How to fix shell "permission denied" error

I believe everyone,who works on terminal for certain length of time come across this error sometime.

Very trivial topic so the fixing is also very trivial too.

Once you tried to logged into the shell you get the "permission denied" error on the console but get the shell prompt and most importantly you can not do a "ls" and other stuff too.

But you can login to the shell as root fine..without any error..it's the normal user that is getting it!!

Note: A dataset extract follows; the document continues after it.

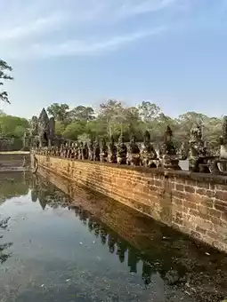 For the classic panoramic view over the entire park, make the climb up Phnom Bakheng hill ⛰️, but be sure to arrive early as numbers are limited. For a less crowded but equally magical experience where the temple's ancient reddish bricks glow in the evening light, head to the stunning Pre Rup temple 🧱. Alternatively, find a peaceful spot by the edge of Angkor Wat's vast moat, and watch the magnificent temple and the blazing sky reflect perfectly in the still water 💧.

So it signifies, something wrong with the way disk has been mounted.But once you give the correct flags with the mount it will work..but once you reboot it will started to react in same manner i.e erroneously.

How to do it right?

simple, put an entry like this in /etc/rc.local(that is file executed last at boot stage)

chown -R username:groupname disk-partition

I have had multiple disk partitions and I did that.

and make /etc/rc.local file executable by doing a chmod. Additionally check for /etc/nologin file..if that is present..then it might hinder you to get in.Double check the shell you are trying to use is exists.

That's all you need to do..next reboot it should be good.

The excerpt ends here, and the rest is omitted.